Yikes. So the rest of it, ignoring the patches - does that look good to you? It shouldn't. I mean no disrespect - but you must have some serious flex in your router bridge, you should hardly be able to see any router marks when you are all done. Even if you belt-sand everything down smooth, you lose all quality control, and have no guarantees that the two skis will match. Small changes in profile thickness, especially near the tips, make HUGE changes in bending stiffness.
You can't complain when you end up with two unusable skis We all warned you.
I thought you were kidding. By the time you finish sanding, it will be a shim. I agree with the others, pour a beer, tear off the sidewall, chop the core into kindling, and burn it as an offering to the snow gods.
And feel free to through some $$ my way as well.
btw - you could use wood sidewalls for your next pair
Last edited by skidesmond on Tue Nov 11, 2014 6:28 pm, edited 1 time in total.

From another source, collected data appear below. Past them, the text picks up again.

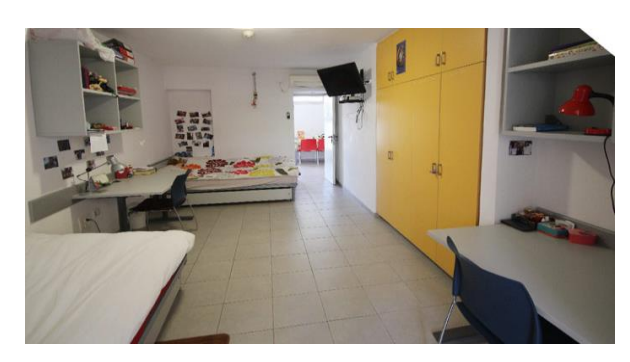
Inside an Einstein dorm room

Prices are 600 USD per month for a shared room, utilities and municipal tax included. The shared areas will be cleaned on a weekly basis. Students who are living in the dorms are expected to sign a contract and pay in advance.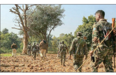
Security forces conducting an anti-Naxalite operation in a forest area in Bijapur district.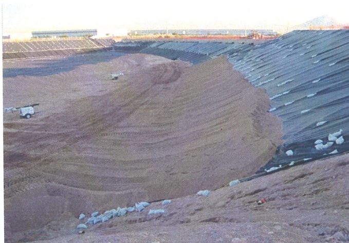
CAMU, Phase 1 East slope coverage of operations layer.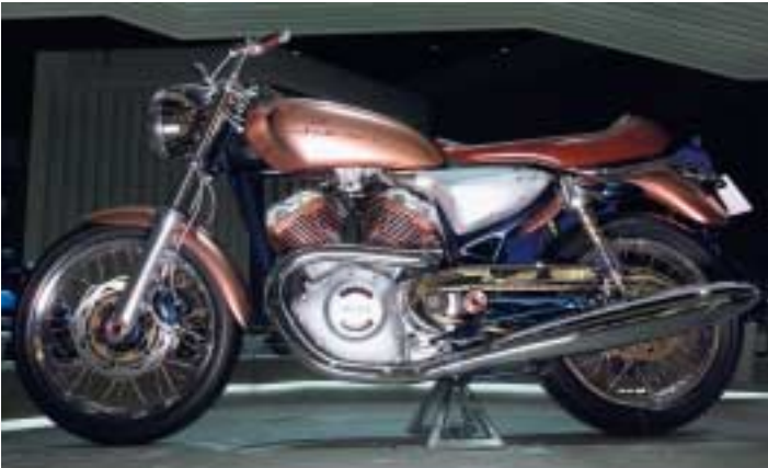
XS-V1 Sakura (Special display model/prototype): Drawing on the DNA from Yamaha's first 4-stroke motorcycle, the XS-1 released in 1970, this V-twin sport model features a simple, sculpted beauty with "Retro-modern" aesthetic elements and accents of Japanese style.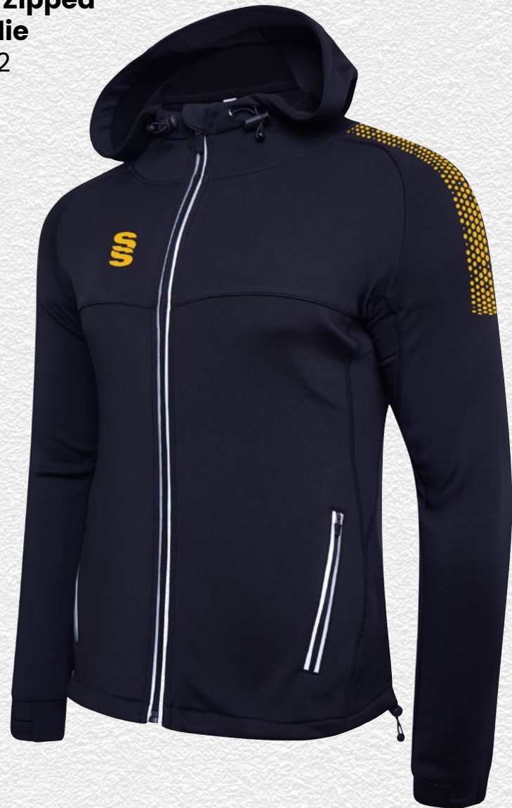
Dual Zipped Hoodie DU012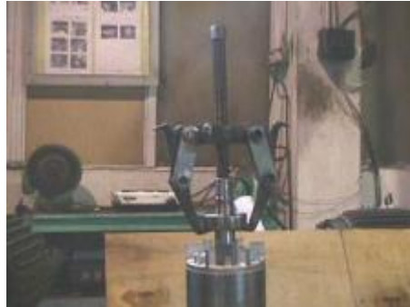
Figure 4 Using the bearing puller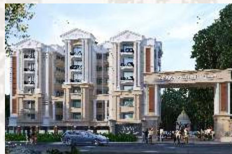
Rudra Mukund Villas Nati Imli, Varanasi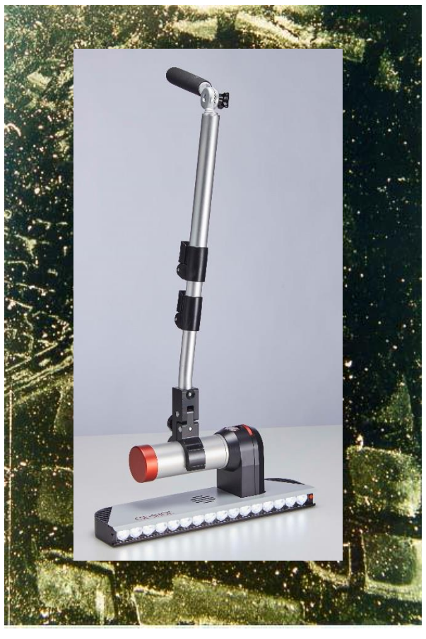
Telescope holder to facilitate evidence search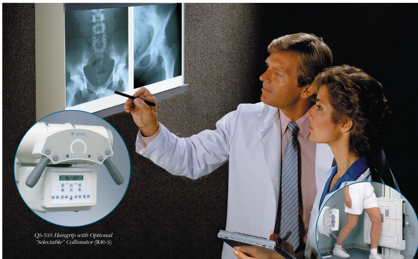
QS-510 Hangrip with Optional "Selectable" Collimator (R40-S)

An exclusive worldwide dealer network provides factory-authorized sales and service for all Quantum Medical Imaging systems. These authorized Dealer representatives are members of Quantum's Gold Star Network, an affiliation of select professionals around the world who have been recognized for excellence in technical support and customer service.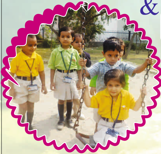
Tiny Tots at HUDA Park Bhiwani, learning lessons of life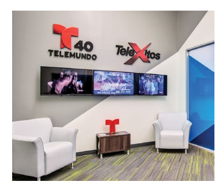
Telemundo – 2<sup>nd</sup> Floor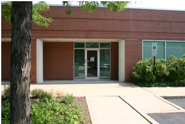
Suite 255 – Front Private Entrance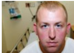
Ferguson shooting: Officer Wilson who killed black teen resigns from force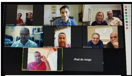
Screenshot of our first video conference call for Latin America

Now we have the opportunity to steward something much bigger than ourselves. We recently purchased access to a video conferencing system that will allow us to host group video calls with as many as a hundred participants from across Latin America. We have also used the technology on phones in order to create a real-time community group made up of the key leaders that we were able to connect with. We are seeking to send all 132 people copies of the Spirit Empowered Life book, hosting a real-time conversation in the community group and setting up regular video calls to be able to interact face-to-face.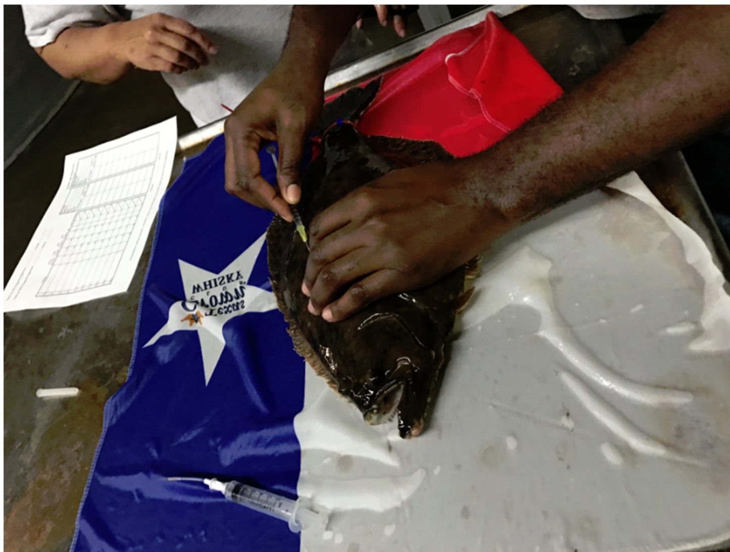
Hormone injection into an anaesthetized female adult Southern flounder.

Females are graded prior to hormone injections. Females identified as being at Stages 3 or 4 are injected with gonadotropin-releasing hormone. The hormone is injected into the muscle between the lateral line and the dorsal fin at a dosage of 50 to 100 µg/kg (Fig. 1). About 48 hours after injection the strip spawning procedures may begin.

You've been getting hammered a bit on that core so I won't say any more on it. Just gonna offer an idea. Find some vertical laminated bamboo floor boards and use it as a core. Don't worry about any sort of sidewall just let the bamboo be the sidewall.
It won't be perfect but will definitely be usable and saves you blowing money on sidewall and stuff and it lets you perfect your process. Bamboo is a fun material to play with, though hard on the tools and the floor boards can save you a heap of time.
infinityskis wrote:But to your guys standards I should probably use it as firewood. hahaha
True story, still looks a little ratty.
Full disclosure - the first ski I tried to make, many years ago (11 years ago now?), I profiled the core by first cutting a bunch of slots with a dremel at the correct heights, about an inch apart, then used a chisel to rip out the wood between by hand, then sand it all smooth. I have grown a lot since then... (also the ski was unusable garbage).